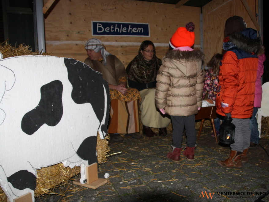 De kerstwandeling die de Baptistengemeente Muntendam vanavond hield in het dorp trok zeker 50 belangstellenden. De wandeling begon om 7 uur vanaf het gemeentehuis en eindigde bij de baptistenkerk. Onderweg zongen koren (kinderen en volwassenen) kerstliederen. De wandelaars kwamen verder een aantal herders, de 3 wijzen en de stal met Jozef en Maria én Jezus tegen.
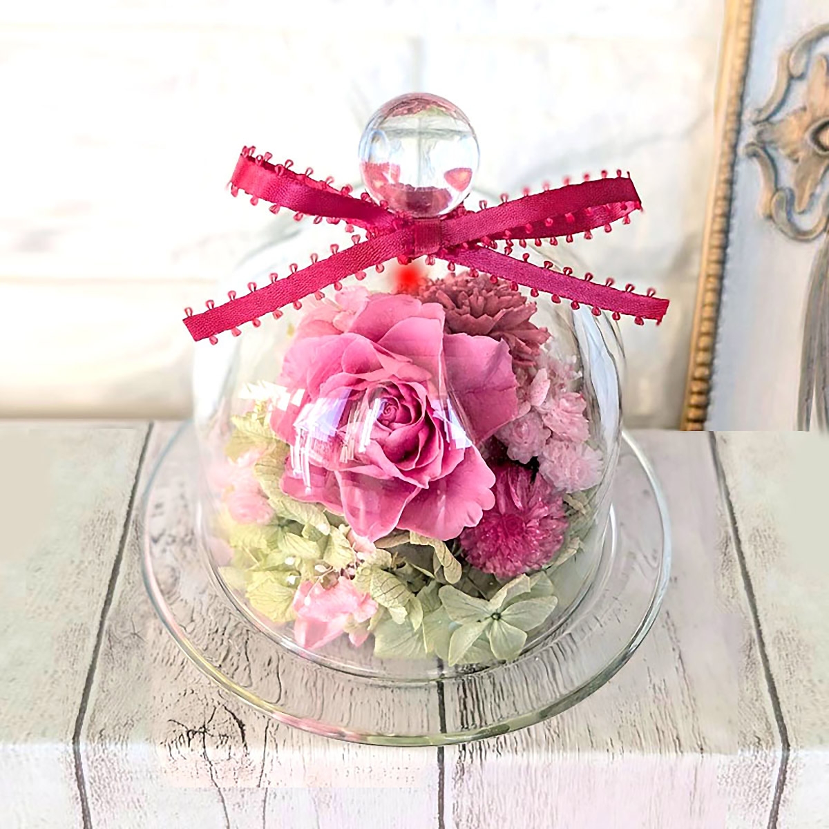 美しいピンクのプリザーブドフラワーのバラが目を引くガラスドームアレンジメント。ガラスドーム入りのため、お花にほこりがかからず忙しいお母様の手をわずらわせることなく、日常に癒しのひとときを添えるギフトです。バラ、あじさい千日紅などのプリザーブドフラワーの組み合わせをお楽しみください。Bell Roseでは、日々の感謝の気持ちをお伝え出来ますよう一点一点手作業にて丁寧に制作させていただいております。
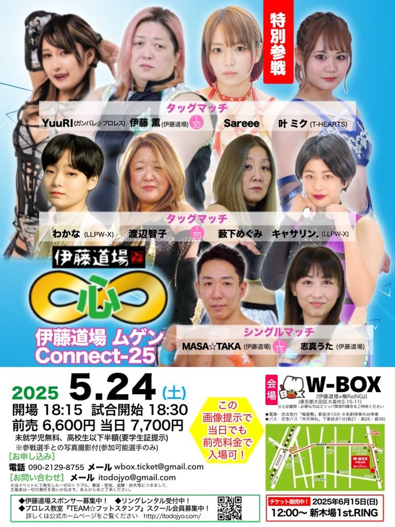 メインイベントでは、伊藤道場代表・伊藤薫がガンバレ☆プロレス所属のYuuRIとタッグを結成し、Sareee&叶ミク(T-HEARTS)と30分一本勝負のスペシャルタッグマッチで激突。女子プロレス界を牽引する実力者同士の激突に、会場の熱気は最高潮に達することが予想される。

+++++

> The task: Copy the line showing "美しいピンクのプリザーブドフ" exactly, along with each line after it through the end of the material above. Pictures stay out.

> Response:
 美しいピンクのプリザーブドフラワーのバラが目を引くガラスドームアレンジメント。ガラスドーム入りのため、お花にほこりがかからず忙しいお母様の手をわずらわせることなく、日常に癒しのひとときを添えるギフトです。バラ、あじさい千日紅などのプリザーブドフラワーの組み合わせをお楽しみください。Bell Roseでは、日々の感謝の気持ちをお伝え出来ますよう一点一点手作業にて丁寧に制作させていただいております。
 メインイベントでは、伊藤道場代表・伊藤薫がガンバレ☆プロレス所属のYuuRIとタッグを結成し、Sareee&叶ミク(T-HEARTS)と30分一本勝負のスペシャルタッグマッチで激突。女子プロレス界を牽引する実力者同士の激突に、会場の熱気は最高潮に達することが予想される。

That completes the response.